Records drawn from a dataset
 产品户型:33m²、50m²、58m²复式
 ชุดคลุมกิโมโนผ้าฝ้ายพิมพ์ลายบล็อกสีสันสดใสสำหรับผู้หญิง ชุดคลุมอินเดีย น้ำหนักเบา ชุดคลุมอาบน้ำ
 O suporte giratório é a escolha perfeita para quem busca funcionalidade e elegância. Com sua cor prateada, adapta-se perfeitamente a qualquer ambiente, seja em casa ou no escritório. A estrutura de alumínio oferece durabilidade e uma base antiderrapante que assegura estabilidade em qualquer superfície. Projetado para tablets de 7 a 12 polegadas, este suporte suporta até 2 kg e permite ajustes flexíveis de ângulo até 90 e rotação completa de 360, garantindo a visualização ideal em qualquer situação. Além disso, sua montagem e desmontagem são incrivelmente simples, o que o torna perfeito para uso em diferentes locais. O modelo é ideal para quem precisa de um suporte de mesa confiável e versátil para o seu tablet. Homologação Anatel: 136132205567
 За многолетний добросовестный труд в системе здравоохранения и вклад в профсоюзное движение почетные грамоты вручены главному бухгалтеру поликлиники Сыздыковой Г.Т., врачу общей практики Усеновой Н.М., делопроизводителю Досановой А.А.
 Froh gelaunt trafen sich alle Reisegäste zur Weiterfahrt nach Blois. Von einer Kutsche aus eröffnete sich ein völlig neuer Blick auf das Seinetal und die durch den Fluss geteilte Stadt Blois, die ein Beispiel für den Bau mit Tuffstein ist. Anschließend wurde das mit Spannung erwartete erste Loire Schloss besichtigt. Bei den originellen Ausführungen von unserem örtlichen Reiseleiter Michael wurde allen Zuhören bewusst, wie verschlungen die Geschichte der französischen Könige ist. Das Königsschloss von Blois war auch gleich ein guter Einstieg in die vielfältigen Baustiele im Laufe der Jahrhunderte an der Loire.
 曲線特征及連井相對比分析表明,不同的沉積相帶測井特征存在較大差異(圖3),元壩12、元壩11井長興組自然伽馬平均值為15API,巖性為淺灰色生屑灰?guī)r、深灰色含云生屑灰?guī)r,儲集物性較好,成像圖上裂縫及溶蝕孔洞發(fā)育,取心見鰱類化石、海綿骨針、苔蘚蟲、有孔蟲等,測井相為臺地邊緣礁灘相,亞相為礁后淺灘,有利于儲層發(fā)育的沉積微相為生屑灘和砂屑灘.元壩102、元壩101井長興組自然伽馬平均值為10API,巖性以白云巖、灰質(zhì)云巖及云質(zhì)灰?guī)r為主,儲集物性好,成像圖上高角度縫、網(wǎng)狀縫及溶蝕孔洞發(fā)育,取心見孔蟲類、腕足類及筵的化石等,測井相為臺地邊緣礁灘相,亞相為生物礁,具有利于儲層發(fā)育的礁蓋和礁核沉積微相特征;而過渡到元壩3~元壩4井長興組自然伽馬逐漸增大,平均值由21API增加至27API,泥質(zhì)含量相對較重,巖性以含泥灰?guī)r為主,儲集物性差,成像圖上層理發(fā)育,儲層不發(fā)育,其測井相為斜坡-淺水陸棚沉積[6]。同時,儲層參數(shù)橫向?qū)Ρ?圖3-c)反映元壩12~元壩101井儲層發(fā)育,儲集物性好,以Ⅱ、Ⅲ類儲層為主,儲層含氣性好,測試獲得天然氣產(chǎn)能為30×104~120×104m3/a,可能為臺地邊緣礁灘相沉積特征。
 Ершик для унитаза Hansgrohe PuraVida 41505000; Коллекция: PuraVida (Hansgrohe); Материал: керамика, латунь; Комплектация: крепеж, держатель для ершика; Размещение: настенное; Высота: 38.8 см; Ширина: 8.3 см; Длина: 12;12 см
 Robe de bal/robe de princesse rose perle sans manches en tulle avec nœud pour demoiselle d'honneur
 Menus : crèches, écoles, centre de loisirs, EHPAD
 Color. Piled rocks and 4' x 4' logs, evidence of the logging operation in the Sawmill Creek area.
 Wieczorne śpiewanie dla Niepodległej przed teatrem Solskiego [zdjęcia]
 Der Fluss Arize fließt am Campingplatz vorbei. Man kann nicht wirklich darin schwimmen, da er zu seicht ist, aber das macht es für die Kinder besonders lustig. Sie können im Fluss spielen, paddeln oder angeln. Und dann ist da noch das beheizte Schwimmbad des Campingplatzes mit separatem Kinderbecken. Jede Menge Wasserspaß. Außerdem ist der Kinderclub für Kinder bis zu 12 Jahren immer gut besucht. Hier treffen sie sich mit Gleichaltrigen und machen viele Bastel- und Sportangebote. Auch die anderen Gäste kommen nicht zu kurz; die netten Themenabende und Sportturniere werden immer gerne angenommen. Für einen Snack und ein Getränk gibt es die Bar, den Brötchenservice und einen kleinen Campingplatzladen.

Work item → Working from the records above, write out verbatim only the lines from the line containing "Froh gelaunt trafen" through the line containing "Wieczorne śpiewanie dla".

Solution for this exercise →
 Froh gelaunt trafen sich alle Reisegäste zur Weiterfahrt nach Blois. Von einer Kutsche aus eröffnete sich ein völlig neuer Blick auf das Seinetal und die durch den Fluss geteilte Stadt Blois, die ein Beispiel für den Bau mit Tuffstein ist. Anschließend wurde das mit Spannung erwartete erste Loire Schloss besichtigt. Bei den originellen Ausführungen von unserem örtlichen Reiseleiter Michael wurde allen Zuhören bewusst, wie verschlungen die Geschichte der französischen Könige ist. Das Königsschloss von Blois war auch gleich ein guter Einstieg in die vielfältigen Baustiele im Laufe der Jahrhunderte an der Loire.
 曲線特征及連井相對比分析表明,不同的沉積相帶測井特征存在較大差異(圖3),元壩12、元壩11井長興組自然伽馬平均值為15API,巖性為淺灰色生屑灰?guī)r、深灰色含云生屑灰?guī)r,儲集物性較好,成像圖上裂縫及溶蝕孔洞發(fā)育,取心見鰱類化石、海綿骨針、苔蘚蟲、有孔蟲等,測井相為臺地邊緣礁灘相,亞相為礁后淺灘,有利于儲層發(fā)育的沉積微相為生屑灘和砂屑灘.元壩102、元壩101井長興組自然伽馬平均值為10API,巖性以白云巖、灰質(zhì)云巖及云質(zhì)灰?guī)r為主,儲集物性好,成像圖上高角度縫、網(wǎng)狀縫及溶蝕孔洞發(fā)育,取心見孔蟲類、腕足類及筵的化石等,測井相為臺地邊緣礁灘相,亞相為生物礁,具有利于儲層發(fā)育的礁蓋和礁核沉積微相特征;而過渡到元壩3~元壩4井長興組自然伽馬逐漸增大,平均值由21API增加至27API,泥質(zhì)含量相對較重,巖性以含泥灰?guī)r為主,儲集物性差,成像圖上層理發(fā)育,儲層不發(fā)育,其測井相為斜坡-淺水陸棚沉積[6]。同時,儲層參數(shù)橫向?qū)Ρ?圖3-c)反映元壩12~元壩101井儲層發(fā)育,儲集物性好,以Ⅱ、Ⅲ類儲層為主,儲層含氣性好,測試獲得天然氣產(chǎn)能為30×104~120×104m3/a,可能為臺地邊緣礁灘相沉積特征。
 Ершик для унитаза Hansgrohe PuraVida 41505000; Коллекция: PuraVida (Hansgrohe); Материал: керамика, латунь; Комплектация: крепеж, держатель для ершика; Размещение: настенное; Высота: 38.8 см; Ширина: 8.3 см; Длина: 12;12 см
 Robe de bal/robe de princesse rose perle sans manches en tulle avec nœud pour demoiselle d'honneur
 Menus : crèches, écoles, centre de loisirs, EHPAD
 Color. Piled rocks and 4' x 4' logs, evidence of the logging operation in the Sawmill Creek area.
 Wieczorne śpiewanie dla Niepodległej przed teatrem Solskiego [zdjęcia]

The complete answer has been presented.